My everyday moisturiser is the Kiehl’s Ultra Facial Moisturiser.  It isn’t thick in texture, it’s easy to apply and absorbs through the skin fairly quickly. I found this to be one of my all time skin favourites and prefer this to most products, even the Clinique Moisture Surge moisturiser (which I haven’t included in this post because I have talked about it in so many others). It’s not fragranced, it’s just a really decent, nourishing moisturiser and I’d recommend this to all skin types for that reason. It’s priced around £15 a 75ml bottle, though you can obviously buy the larger sized bottles, but I found the smallest one lasted a long enough time and I’m happy to stick to the smaller one.


I think that has covered everything. This has been an absolutely mammoth post but I’m quite passionate about skincare, it’s vital to have quality products and take care of your skin!

Love, H x





1 Comment

  1. Anonymous
    March 1, 2016 / 8:35 pm

    This product is sold by some mysterious huge parent company who has many differently named stores and rebrandings of the exact same products. For example, “Soap and Co” and “Deja Vu” are other versions of “Deep Sea Cosmetics.” I think this is done on purpose so that it will harder to research their scams. Anyways, this “peeling gel” DOES NOT exfoliate at all. The glycerin and aloe vera gel are what leave your skin feeling soft and looking good- two very cheap ingredients. The “dead skin” you see is actually plastic. That’s why the gel will produce “dead skin” over and over and over without ever leaving your skin feeling raw or scrubbed off. Also why it will produce “dead skin” on literally any surface. I did some cursory research on the ingredients, and here is what I found:

    Ingredients: aqua (water), sd alcohol 40, glycerin, propylene glycol, carbomer, aloe barbadensis leaf juice, phenoxyethanol, anthemis nobilis (chamomile) flower extract, camellia oleifera extract, cucumber (cucumis sativus) extract, maris aqua (dead sea water), sodium hydroxide, fragrance (parfum), polyvinylalcohol crosspolymer, triethylene glycol, tocopheryl acetate (vit.E), Mentha piperita (peppermint) oil, triethanolamine, ginseng (panax ginseng) extract.
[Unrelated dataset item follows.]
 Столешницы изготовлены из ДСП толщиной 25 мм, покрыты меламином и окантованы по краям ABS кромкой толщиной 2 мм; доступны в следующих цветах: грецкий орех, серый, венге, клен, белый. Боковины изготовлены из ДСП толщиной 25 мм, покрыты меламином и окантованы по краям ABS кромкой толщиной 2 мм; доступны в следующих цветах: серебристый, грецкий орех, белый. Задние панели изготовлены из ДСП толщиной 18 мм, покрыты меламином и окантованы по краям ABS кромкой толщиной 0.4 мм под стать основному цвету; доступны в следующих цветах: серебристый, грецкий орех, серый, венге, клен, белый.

    SD alcohol 40: Rubbing alcohol. Evaporates faster than water. Dissolves surface oils on skin. (Can dry out sensitive skin.)

    Glycerin: Humectant. Readily absorbs water. Attracts water from lower layer of skin and increases moisture on surface of skin.

    Carbomer: Helps distribute or suspend an insoluble solid in liquid. Used to keep emulsions from separating into their oil and liquid components. Absorbs and retains water.

    Aloe barbadensis leaf juice: Aloe vera gel. Cheap and moisturising.

    Phenoxyethanol: An aromatic alcohol. Has a floral odor. Soluble in water. Used as a preservative. Evaporates quickly.

    Sodium hydroxide: Lye. Highly alkaline. In small amounts, regulates pH of a product. In higher concentrations in a significant skin irritant.

    Polyvinylalcohol crosspolymer: This one is a creepy ingredient because I couldn’t find out much about it. From what I gathered on Google, I think it’s a solid dry powder that is insoluble but dispensable in water. Used as a bulking agent.

    Triethylene glycol: Colorless, odorless viscous liquid. Used as a plasticizer for vinyl. Widely used as a dehumidifying agent. Attracts and absorbs water.

    Triethanolamine: Strong base. Used as an emulsifier and a surfactant. pH balancer. (I found something that says it may cause liver tumors in mice.)

    As for the “extracts” and “minerals,” those are just thrown in to make this product sound fancy. They’re in such small amounts that they might as well not be there.

    I’m not a chemist, so I don’t 100% understand how these chemicals are interacting, but I’m pretty sure that most of the ingredients evaporate as you rub it on your face, leaving behind the no-longer emulsified vinyls and polymers. This is a grossly overpriced gimmick product made with cheap ingredients and its only real function is a moisturizer (because of the glycerin and aloe vera gel.)